Next we make a few natural definitions. From here on we set $N = n^d$.

Definition. Let $p_1, ..., p_i$ be the first $i$ prime numbers. We say that a number $v$ has $i$-type $m$ if $\text{gcd}(v,\prod_{j\le i}p_j) = m$. We'll write $\#_N^i(m)$ for the number of numbers $v$ between $1$ and $N$ with $i$-type $m$.

Definition. An $i$-type coloring of the graph $G = (V,E)$ with $|V| = N$ is an assignment of a number $m(v)$ dividing $\prod_{j\le i}p_j$ to each vertex $v$, such that for any adjacent vertices $v,w$ we have $\text{gcd}(m(v),m(w)) = 1$, and for any $m \ne 1$ the number of vertices $v$ with $m(v) = m$ is at least $\#_N^i(m)$.

The idea is to inductively convert an $(i-1)$-type coloring to an $i$-type coloring for sufficiently large $i$ using Lemma 1. To that end, we need the following lemma.

Lemma 2. There is a computable index $i_0$, depending only on $d$, such that for any $i\ge i_0$ and any $N,m$, we have $\#_N^i(mp_i) \le \max(1, \frac{1}{\lceil 4ed\rceil}\#_N^{i-1}(m))$.

Proof. If $\#_N^i(mp_i) \ge 2$, then $N/m \ge 2p_i$. If $2p_i \le N/m < p_i^3$ then we use Chebyshev's weak form of the prime number theorem to see that

$\#_N^{i-1}(m) \ge \pi(N/m) - \pi(p_i) \ge \frac{1}{\log(p_i)}\frac{N}{m}\left(\frac{7}{8}\frac{\log(p_i)}{\log(N/m)}-\frac{9}{8}\frac{p_i}{N/m}\right) \ge \frac{1}{4\log(p_i)}\frac{N}{m},$

while we trivially have $\#_N^i(mp_i) \le \frac{1}{p_i}\frac{N}{m}$. Thus if $N/m < p_i^3$ and $p_i \ge 4\lceil 4ed\rceil\log(p_i)$ then we are done.

If $N/m \ge p_i^3$, then we can, to within a constant factor, estimate the sizes of $\#_N^{i-1}(m)$ and $\#_N^i(mp_i)$ using the fundamental lemma of sieve theory, and for $i_0$ sufficiently large the first will be larger than the second by more than a factor of $\lceil 4ed\rceil$. I'll leave the details to the reader...

Now the inductive step doesn't quite work because of the existence of certain "bad pairs" $(m,p_i)$.

Definition. We call the pair $(m,p_i)$ bad if $\#_N^{i-1}(m) < \lceil 4ed\rceil$ and $\#_N^i(mp_i) = 1$ and $i \ge i_0$ and $p_i < N/2$.

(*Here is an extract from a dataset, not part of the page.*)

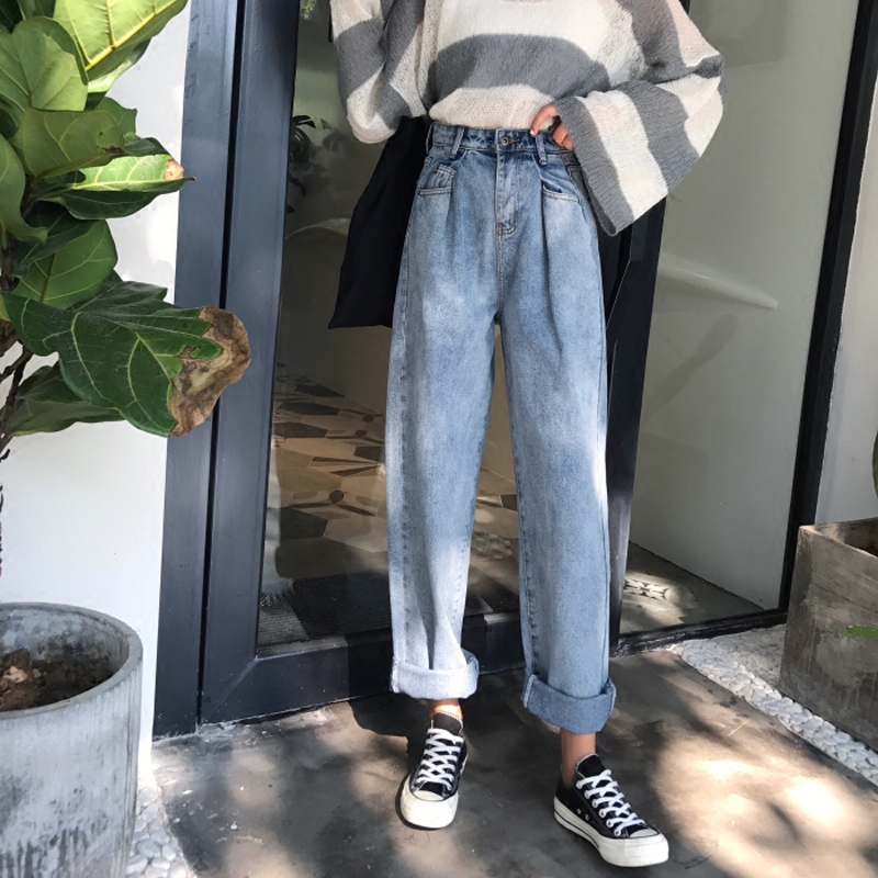 秋裝女2018新款復古港味九分褲學生韓版寬松高腰原宿直筒牛仔褲女

We will fix this problem by taking primes between $N/2$ and $N$ and letting them pretend to be multiples of $m$ but not of $mp_i$. In order for this to work, we need to show that there are not too many bad pairs $(m,p_i)$.

Bad pairs need to satisfy all of the following constraints:

  • $m$ can't have more than $\lceil 4ed\rceil-2$ prime factors: for any prime factor $q$ of $m$, $mq$ has $i$-type $m$.
  • no prime factor $q$ of $m$ can be below $p_i^{\frac{1}{\lceil 4ed\rceil}}$: otherwise, all of $m, mq, mq^2, ..., mq^{\lceil 4ed\rceil}$ would have $i$-type $m$ and be below $mp_i \le N$.
  • the number of primes between $p_i$ and $N/m$ must be bounded above by $\lceil 4ed\rceil$: for any prime $q$ between $p_i$ and $N/m$, $mq$ has $i$-type $m$ and is below $N$.

By the first bullet point, we see that we must have $p_i \ge N^{\frac{1}{\lceil 4ed\rceil}}$, and then by the second bullet point we see that each prime factor of $m$ must be at least $N^{\frac{1}{\lceil 4ed\rceil^2}}$. By the third bullet point and the prime number theorem, $mp_i$ must be between $N(1-O(1/\log(N)^2))$ and $N$ (in fact we can get better bounds here).

Putting this all together, we see that the number of bad pairs is at most $O(N/\log(N)^2)$, where the implied constant depends only on $d$.

For the precise description of how we artificially inflate the number of multiples of $m$ for bad pairs $(m,p_i)$, we can invent a pretending function $F_N^i(m)$ for $p_i < N/2$ satisfying the following constraints:

  • $F_N^{i-1}(m) = F_N^i(m) + F_N^i(mp_i)$
  • $F_N^{i-1}(m) \ge \lceil 4ed\rceil F_N^i(mp_i)$ for $i\ge i_0$.
  • $F_N^i(m) \ge \#_N^i(m)$ for $m \ne 1$, $F_N^i(1) \ge 0$.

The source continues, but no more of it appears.